In A Single Man, Colin Firth plays George Falconer, an English professor of literature at a Los Angeles college in 1962. Gay, middle-aged George is distraught over the recent death of his longtime partner Jim (Matthew Goode) and contemplating suicide. He has the gun and the bullets and he's cleared out his safe deposit box at the bank, but before he can commit the act he has his past and present to mull over in his mind.
From the past, there are the generally happy memories with Jim. They came to a bitter, abrupt end when a car accident took Jim's life and his family didn't want George around for the grieving process or even informed of the news. In the present, George has a dear confidant in fellow Brit Charlotte (Julianne Moore), a friend from childhood who thinks George being straight for her would fill the voids in her empty, divorced life. There is also Kenny (About a Boy's Nicholas Hoult), an angora-sweatered student in George's class whose newfound concern for his professor seems more than platonic.
While putting off the suicide until he can get it just right, George replays key experiences in his life and spends time separately with Charlotte, Kenny, and a young Spaniard he meets (Jon Kortajarena). To detail the plot anymore would be to overstate the one-day story. A Single Man is far more interested in characters and emotions than in getting us from one point to another (though it also does that). This approach isn't lacking in any way; it is all too easy to feel transported to the sunny California of the early 1960s and empathize with the depressed protagonist.
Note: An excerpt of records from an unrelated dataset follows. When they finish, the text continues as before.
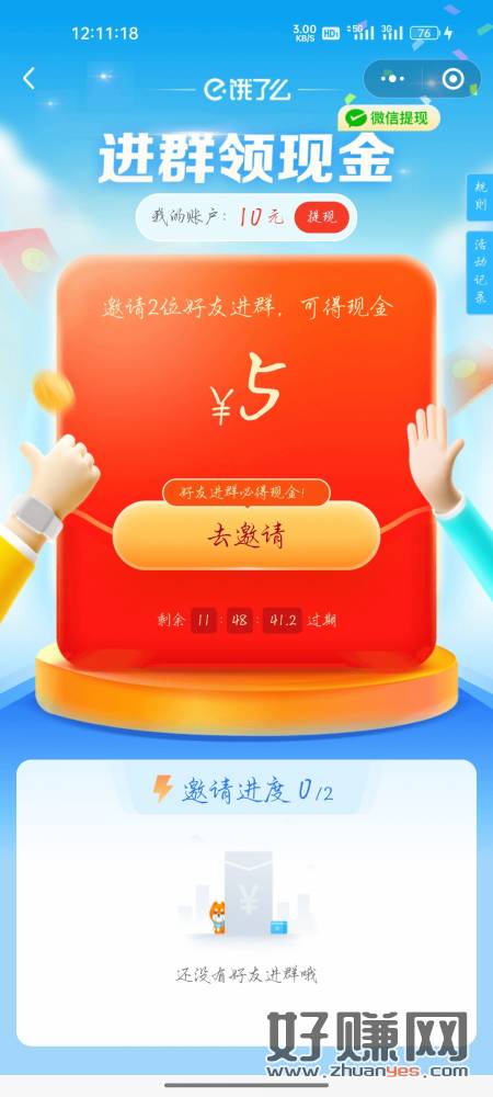 又刷新了!饿了么拉二人进群5元,悬赏平台挂0.2也有人做,放
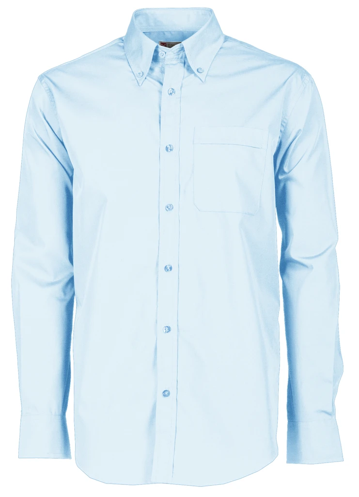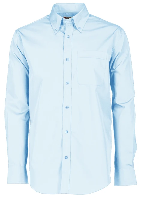 Mírně zeštíhlená, dlouhý rukáv, anglický límec s knoflíky, zaoblené manžety s 2 knoflíky a knoflíkovou dírkou, náprsní kapsa, prošitá léga s perleťovými knoflíčky
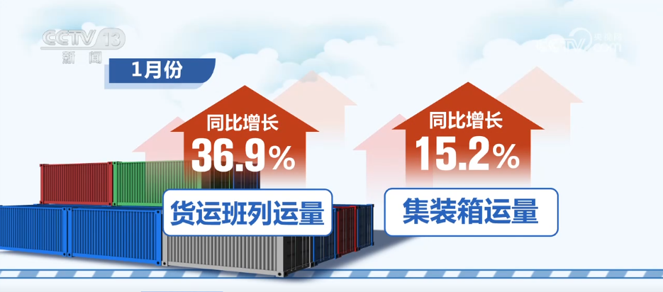 物流產(chǎn)品供給優(yōu)質(zhì)高效。1月份,貨運班列運量同比增長36.9%;集裝箱運量同比增長15.2%;鐵水聯(lián)運量完成155.5萬標箱,同比增長15.3%,有力支持建設(shè)全國統(tǒng)一大市場。
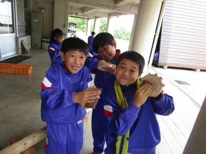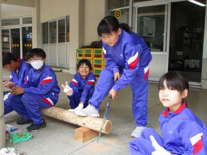 5年生 宿泊学習3 公開日 2024/06/27 更新日 2024/06/27 5年生 最初の活動は、壁飾り作りです。丸太を切って磨き、焼き印を押してデコレーションをしました。世界に一つしかない壁飾りができました。
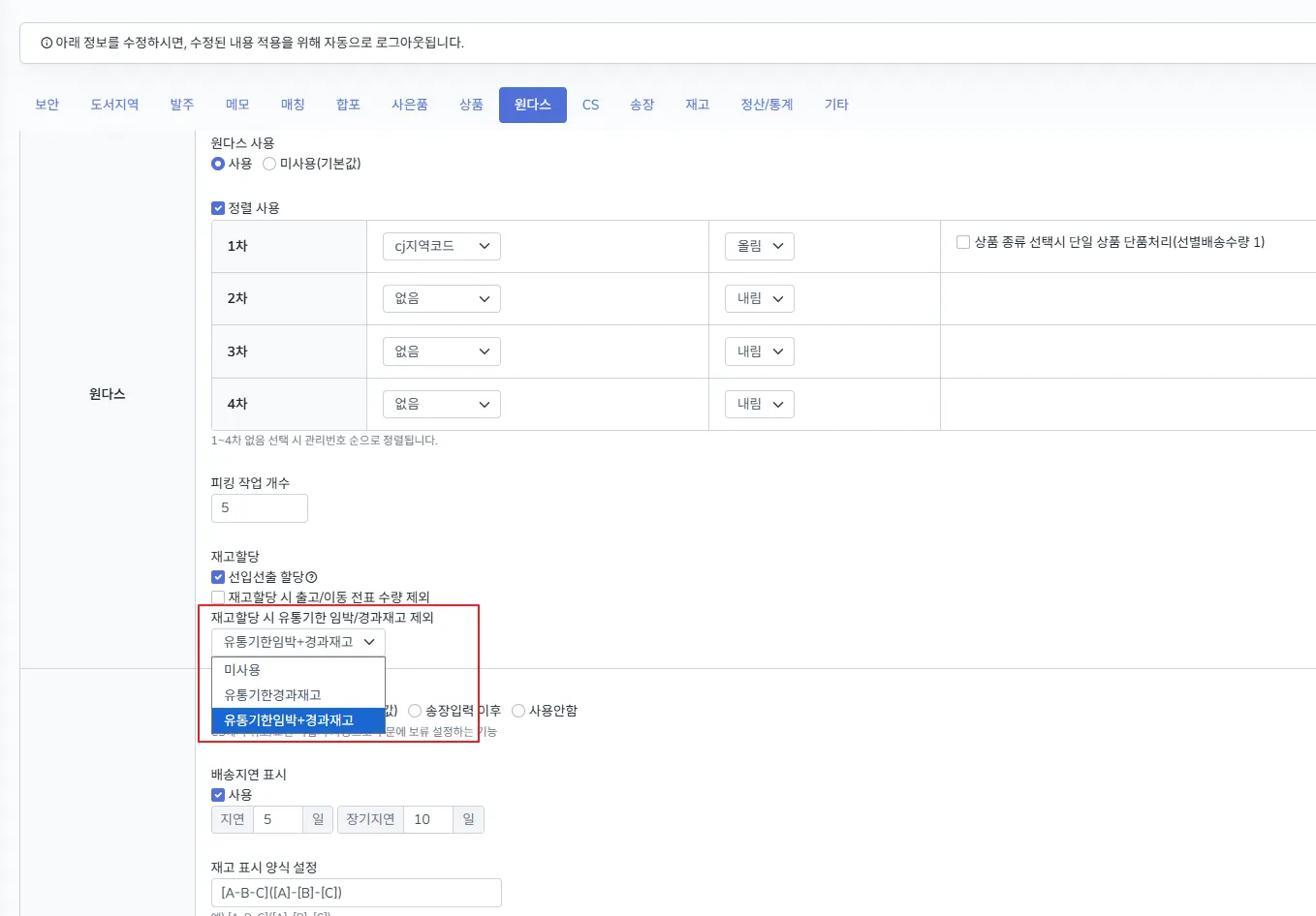 재고 할당 시에 유통기한이 임박하거나 경과한 재고에 대해서 재고할당을 제외할 수 있습니다.
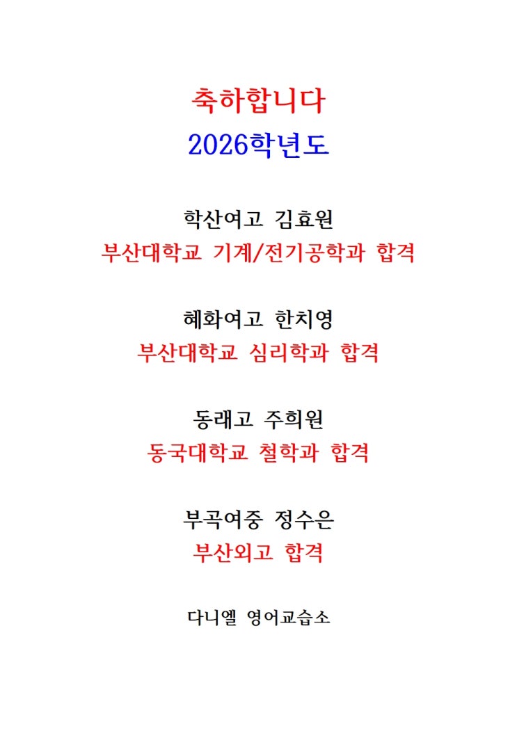 [연제구 영어학원]EDU 2026년 1월 Monthly Test 우수생 발표
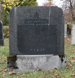 | Name | Bertha Stern, geb. Gutmann (lt. Sterberegister u. Grabstein; abweichend: Babette Stern, geb. Gutmann, lt.Sterbeurkunde) |
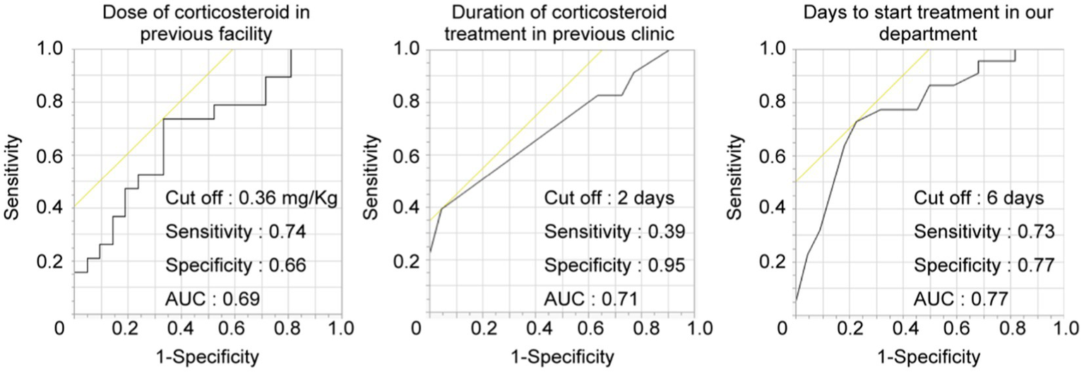 These results revealed that the timing and dose of corticosteroid administration at the previous clinic affected the prognosis of ISSHL. Therefore, we further calculated the cut-off value from the ROC curve to elucidate the effect of primary corticosteroid administration at the previous clinic. Cut-off values of the corticosteroid dose were 0.36 mg per kg of body weight (sensitivity: 0.74, specificity: 0.66, area under the curve [AUC]: 0.69), the duration of administration at the previous doctor was 2 days (sensitivity: 0.39, specificity: 0.95, AUC: 0.71), and the start date of re-initiation at our department was 6 days from the onset (sensitivity: 0.73, specificity: 0.77, AUC: 0.77) (Figure 2).
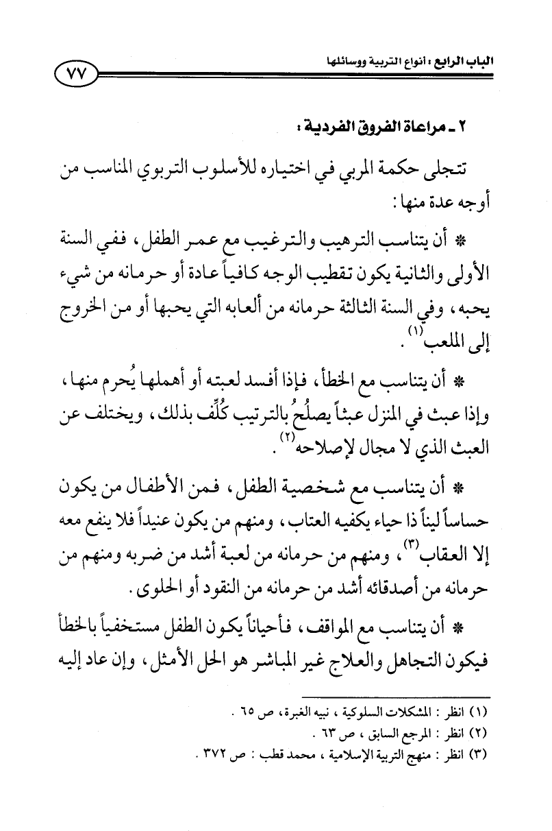 2 - مراعاة الفروق الفردية: تتجلى حكمة المربي في اختياره للأسلوب التربوي المناسب من أوجه عدة منها:
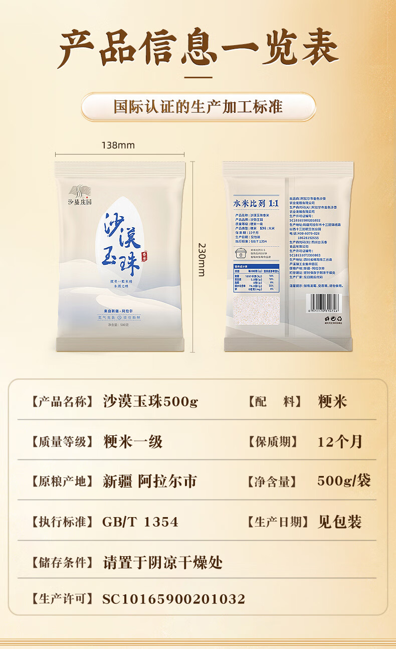 羊脂籽米 新疆大米1斤 沙漠玉珠香米 粳米胚芽米氮气保鲜500g 2025年新米
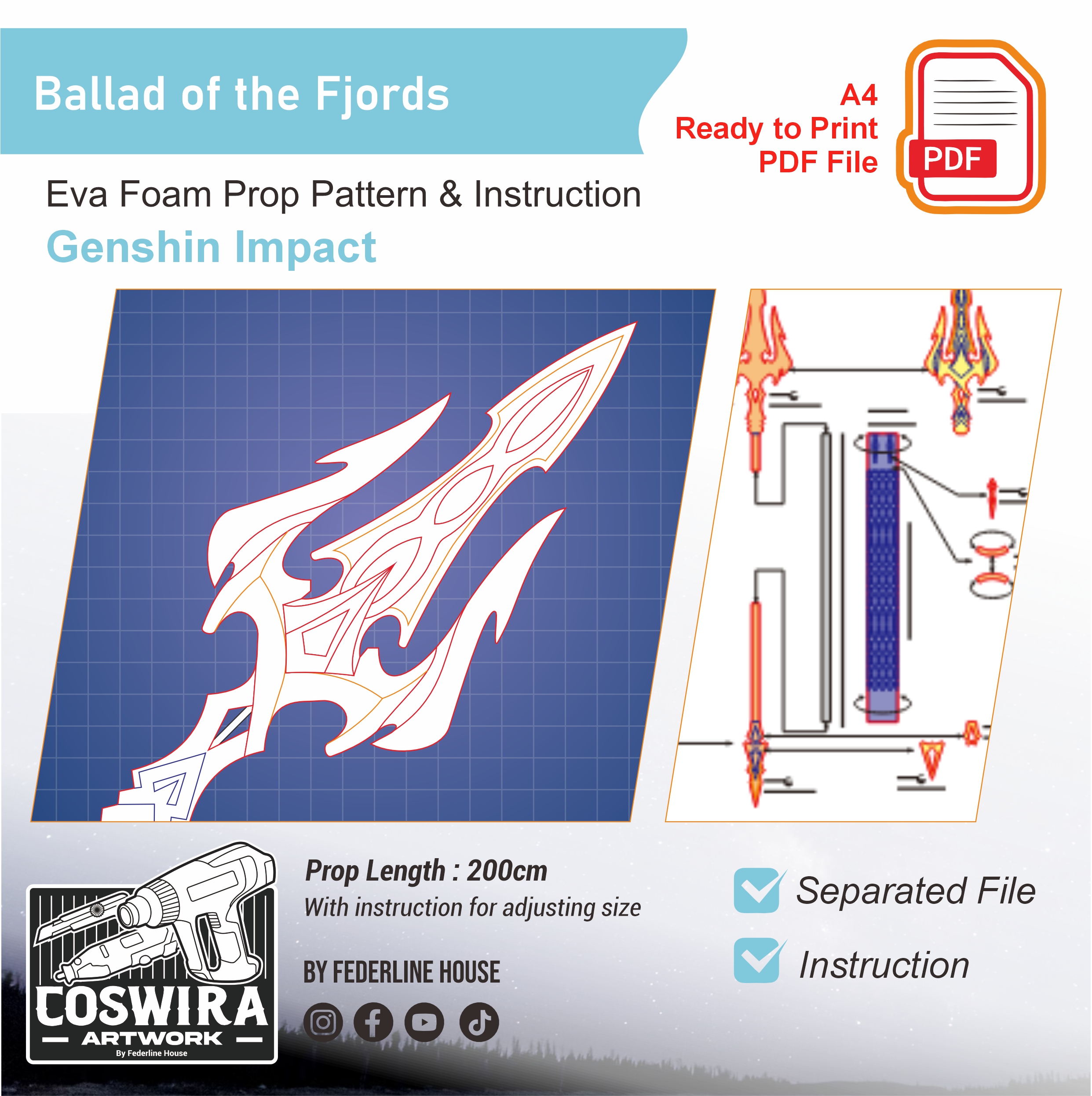 Buat Ballad of the Fjords dari Genshin Impact dengan EVA Foam pattern ini! Template ini dirancang supaya mudah dirakit tapi tetap terlihat detail, elegan, dan akurat seperti senjata versi game. Tetap ringan dan nyaman digunakan untuk cosplay event, photoshoot, atau display.
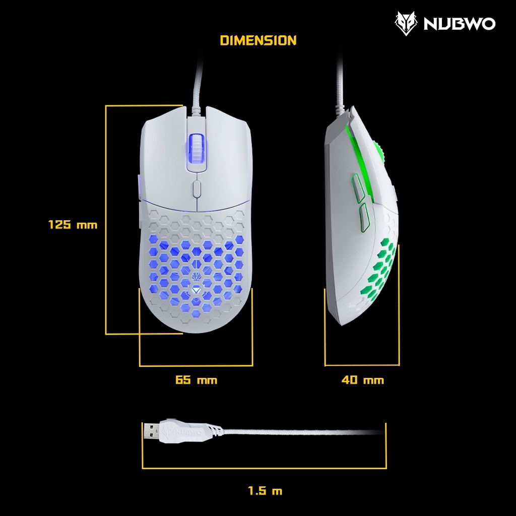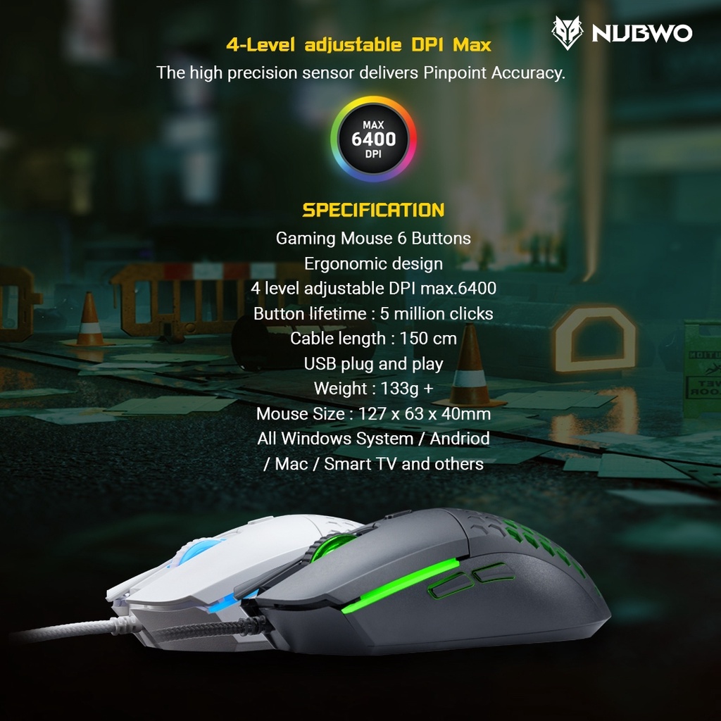 Nubwo เมาส์เกมมิ่ง มีไฟ RGB เสียงเงียบ ปรับ DPI ได้ มีให้เลือก 2 สีดำ/ขาว ใช้งานง่าย รุ่น NM-94M

A Single Man is seemingly faithfully adapted from a novel of the same name, written in 1964 by Christopher Isherwood, himself a gay Englishman who taught literature at an LA college in the late '50s and early '60s.
This marks the filmmaking debut of Tom Ford, a fashion designer who helped restore Gucci to glory in the 1990s and more recently launched his own brand. Arriving four years after Ford announced the creation of production company Fade to Black, Single confirms he is better suited to film than you would have reason to suspect. Credited with directing, producing, and (with fellow first-timer David Scearce) adapting Isherwood's text, Ford brings tasteful sensibilities to the proceedings, whose detailed period recreations are the work of the "Mad Men" team.
Onscreen for the film's entirety, Firth makes an indelible impression with his nuanced performance of quiet pain. This could have easily been read as handsome movie star trying to broaden his range and boost his credibility by playing nerdy and gay, but such thoughts never enter one's mind in response to the rich characterization.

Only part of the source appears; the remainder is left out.